I was just a bit skeptical in terms of the impact of salt on the lawn and soil in particular. Here's the link:

https://herbanatur.com/


----------



## Harts (May 14, 2018)

Never heard of it. I'd be curious to test it but skeptical that it would actually work.


----------



## sam (Mar 10, 2018)

Just saw this. I posted a similar question on TLF earlier this year and didn't get much in the way responses.

I can comment from my own very limited experience. I applied it on a few small test patches that had a mix of clover and tttf

It successfully nailed ALL the visible clover leaves, and it left the grass OK (TTTF) - that much was very effective. Then a week or two later some clover leaves had come up, but less than there had been at the start - I'd say roughly 30% of what had been before.

So that's says repeat applications, at best.

To me, I WOULD be fine with that (going with the strategy of repeat applications to ding the clover while pushing the grass)
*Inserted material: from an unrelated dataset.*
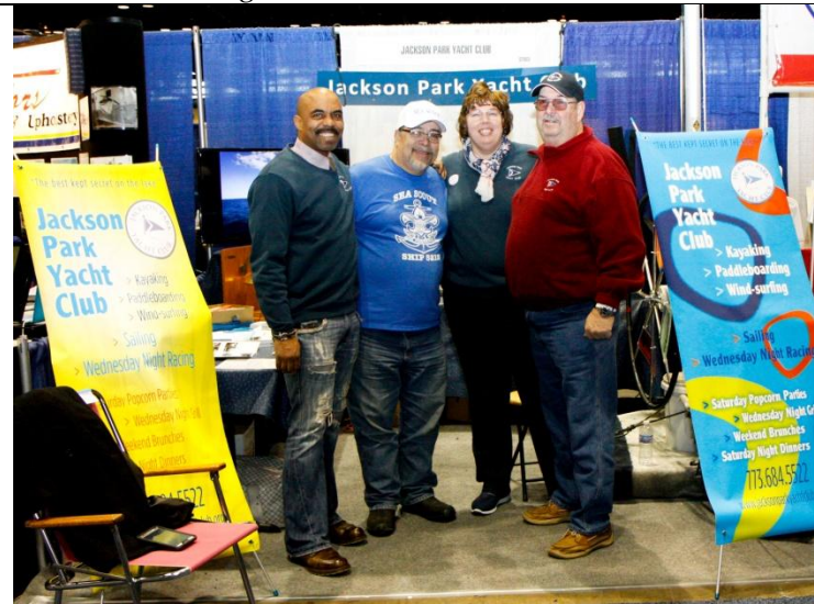
Jackson Park Yacht Club, Chicago, Illinois

But my concern is yours - what's the effect of repeat applications of salt on the grass and the lawn. And how much is too much.

The grass did get a brown tinge temporarily (As they warned it would). To be clear it did NOT go all brown like it had been hit with glyphosate, we're just talking just Green with brown tinge

I asked TLF about the effects of salt and how much would be tolerable and I didn't get much of an answer. The papers I found seemed to be oriented towards grass growing near saltwater.

I think we could ask the company for any data/ Academic papers on tolerable Amounts of salt. They should have that and supply it. Of course we'd have to review it critically since the company is sending it, but it's be better than nothing

(take it with a pinch of salt?)


----------



## lijun.gao39 (3 mo ago)

The only ingredient is just table salt. Some online seller sold it for very high price without telling you the only ingredient. I just bought a big bag and thought it's a precious organic stuff. I will go to file complaint.


----------



## lijun.gao39 (3 mo ago)

lijun.gao39 said:


> The only ingredient is just table salt. Some online seller sold it for very high price without telling you the only ingredient. I just bought a big bag and thought it's a precious organic stuff. I will go to file complaint.


Just got a website for it.


- Lawn & Garden Education



Also, the seller replied to me and informed that it's not daily table salt because it's manufactured differently.


----------